Roxanne Hart (born July 27, 1952) is an American actress, best known for her roles as Brenda Wyatt in the 1986 film Highlander, and as Nurse Camille Shutt on the CBS medical drama series Chicago Hope (1994–1998). Hart has also received Tony and Drama Desk Awards nominations for her stage work.

Personal life
Hart was born in Trenton, New Jersey, the daughter of Joan Irene (née McKee) and Edward J. Hart, Jr. Her father was a teacher and later became the principal at Horace Greeley High School in Chappaqua, New York.
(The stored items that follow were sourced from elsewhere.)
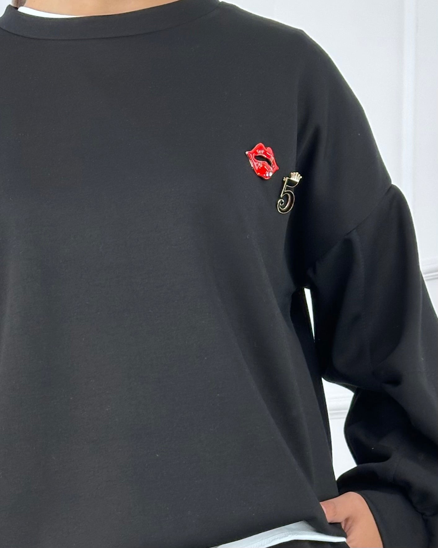 My-d felpa, scollo giro, applicazioni di spille rimovibili.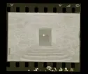 Tapetserad hall, dörr med detaljer i glaspartiet/fönstret.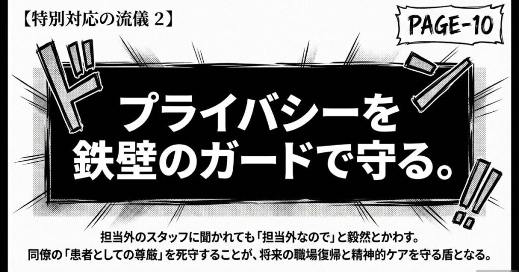 結果: 職場復帰した際、周囲の視線を気にせずスムーズに働ける環境が維持され、精神的な二次被害を防ぐことができる。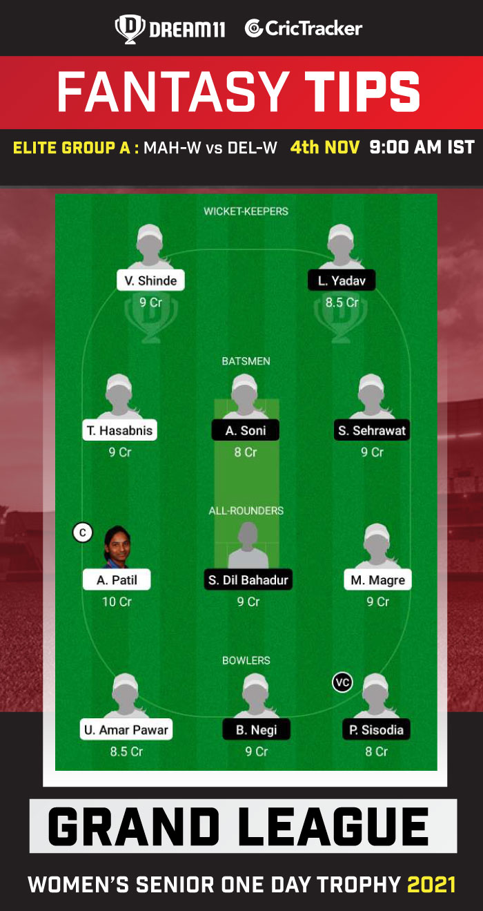 Top Picks for MAH-W vs DEL-W Dream11 Match: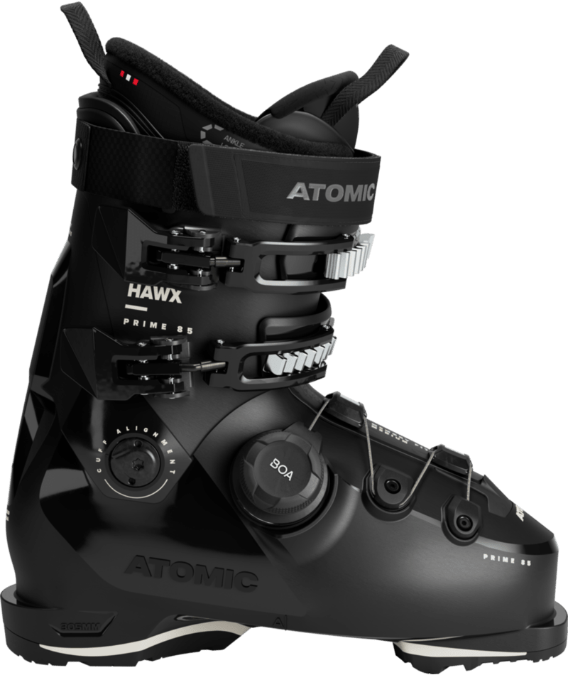 Narciarki all mountain szukające butów o średnio szerokiej skorupie 100 mm i miękkim fleksie docenią model Atomic Hawx Prime 85 BOA W. Wyróżnia się zastosowaniem BOA® Fit System w dolnej części skorupy – systemu precyzyjnego dopasowania do stopy z możliwością mikroregulacji w obu kierunkach. Najnowsza odsłona konstrukcji Prolite łączy smukły profil ze strategicznymi wzmocnieniami w kluczowych strefach, aby zapewnić zjazdową wydajność. Energy Link – połączenie w tylnej części butów – zapewnia błyskawiczną reaktywność i wrażenie zespolenia z nartami. Miękki liner Mimic Silver z rozwiązaniem Ankle Lock oferuje anatomiczne dopasowanie tuż po wyjęciu z pudełka oraz możliwość personalizacji w procesie formowania na gorąco Mimic. Skorupkę, cholewkę i liner butów można w kilka minut dopasować do anatomii stóp dzięki technologii termoformowania Memory Fit. Aby zapewnić dopasowanie do kobiecej anatomii, wyposażono je w niższy mankiet i zapewniono większą objętość na wysokości nogi. Aby uzyskać jeszcze więcej miejsca w okolicy łydki, wystarczy wyjąć spojler mankietu Adaptive Fit System (AFS).

She graduated from Greeley in 1969. She was married to Leonard Taylor from 1972 until their divorce in 1980. Hart has been married to actor Philip Casnoff since 1984, and they have two sons, Alexander Casnoff (b. 1988) and Macklin McKee Casnoff (b. 1992).

Career
Hart appeared in several Broadway stage productions during 1980s, including the U.S. production of British playwright Peter Nichols' Passion, for which she received a Tony Award for Best Featured Actress in a Play nomination in 1983. She played supporting roles in films including The Verdict (1982) and Oh, God! You Devil (1984), before landing a role opposite Christopher Lambert in Highlander in 1986. She has also played starring and supporting roles in Pulse (1988), Once Around (1991) and Moonlight Mile (2002). Hart also starred in a number of made for television movies.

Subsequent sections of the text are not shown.